La Jornada Semanal, 18 de enero de 1998
En la pasada Feria Internacional del Libro de Guadalajara, Vicente Leñero recibió el Premio Fernando Benítez al periodismo cultural. En esta crónica, el autor de Los albañiles narra peripecias de distintas épocas y distintos colores ocasionadas por el membrete de ser un escritor ``católico''. Leñero revisa sus años con humor no exento de autocrítica y con la certeza de que los malentendidos sólo sirvieron para fortalecer sus convicciones y su oficio.

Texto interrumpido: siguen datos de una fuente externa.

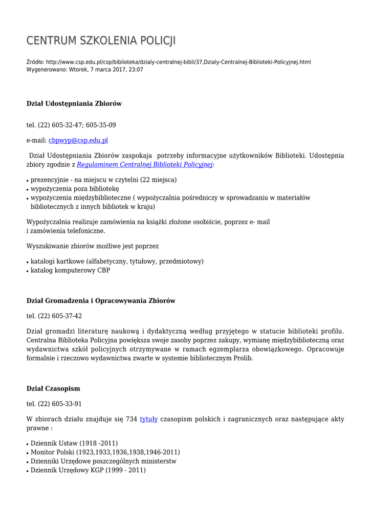 CENTRUM SZKOLENIA POLICJI Źródło: http://www.csp.edu.pl/csp/biblioteka/dzialy-centralnej-bibli/37,Dzialy-Centralnej-Biblioteki-Policyjnej.html Wygenerowano: Wtorek, 7 marca 2017, 23:07 Dział Udostępniania Zbiorów tel. (22) 605-32-47; 605-35-09 e-mail: [email protected] Dział Udostępniania Zbiorów zaspokaja potrzeby informacyjne użytkowników Biblioteki. Udostępnia zbiory zgodnie z Regulaminem Centralnej Biblioteki Policyjnej: ● ● ● prezencyjnie - na miejscu w czytelni (22 miejsca) wypożyczenia poza bibliotekę wypożyczenia międzybiblioteczne ( wypożyczalnia pośredniczy w sprowadzaniu w materiałów bibliotecznych z innych bibliotek w kraju) Wypożyczalnia realizuje zamówienia na książki złożone osobiście, poprzez e- mail i zamówienia telefoniczne. Wyszukiwanie zbiorów możliwe jest poprzez ● ● katalogi kartkowe (alfabetyczny, tytułowy, przedmiotowy) katalog komputerowy CBP Dział Gromadzenia i Opracowywania Zbiorów tel. (22) 605-37-42 Dział gromadzi literaturę naukową i dydaktyczną według przyjętego w statucie biblioteki profilu. Centralna Biblioteka Policyjna powiększa swoje zasoby poprzez zakupy, wymianę międzybiblioteczną oraz wydawnictwa szkół policyjnych otrzymywane w ramach egzemplarza obowiązkowego. Opracowuje formalnie i rzeczowo wydawnictwa zwarte w systemie bibliotecznym Prolib. Dział Czasopism tel. (22) 605-33-91 W zbiorach działu znajduje się 734 tytuły czasopism polskich i zagranicznych oraz następujące akty prawne : ● ● ● ● Dziennik Ustaw (1918 -2011) Monitor Polski (1923,1933,1936,1938,1946-2011) Dzienniki Urzędowe poszczególnych ministerstw Dziennik Urzędowy KGP (1999 - 2011) Dział Informacji Naukowej tel. (22) 605-35-31 mail: [email protected] Dział prowadzi prace usługowo-informacyjne, bibliograficzne i dydaktyczne, promuje wydawnicze na stronie internetowej nowości W ramach działalności dokumentacyjnej wydano dziesięć zeszytów "Bibliografii Zawartości Zagranicznych Czasopism Policyjnych" oraz trzy edycje "Informatora o Czasopismach i Wydawnictwach Ciągłych w Zbiorach CBP" Filia CBP w Zakładzie Kynologii Policyjnej w Sułkowicach tel. (48) 661-42-88 w. 155 Filia posiada księgozbiór wielkości 10 614 wol., o profilu ściśle związanym z kynologią i działalnością Policji. Filia jest dostępna dla kadry i słuchaczy kursów specjalistycznych w Zakładzie Kynologi i Policyjnej.W indywidualnych przypadkach kierownik Centralnej Biblioteki Policyjnej może wyrazić zgodę na udostępnianie księgozbioru Filii czytelnikom nie związanym z Policją. Ocena: 3.7/5 (3) Tweetnij

Lo peor que le puede suceder a un católico escritor común y corriente, como usted o como yo, es que le enjareten, como un sambenito, la etiqueta de Escritor-Católico. No hay antídoto contra eso. Ni respuesta. Ni retobo... Cómo defenderse. Qué cara poner. ¿La de un San Luis Gonzaga en estampita, con la mirada caída y la azucena maricona a un lado?, o la de un profeta alebrestado como aquel Jesucristo iracundo de Pasolini que hasta a Juan XXIII impresionó.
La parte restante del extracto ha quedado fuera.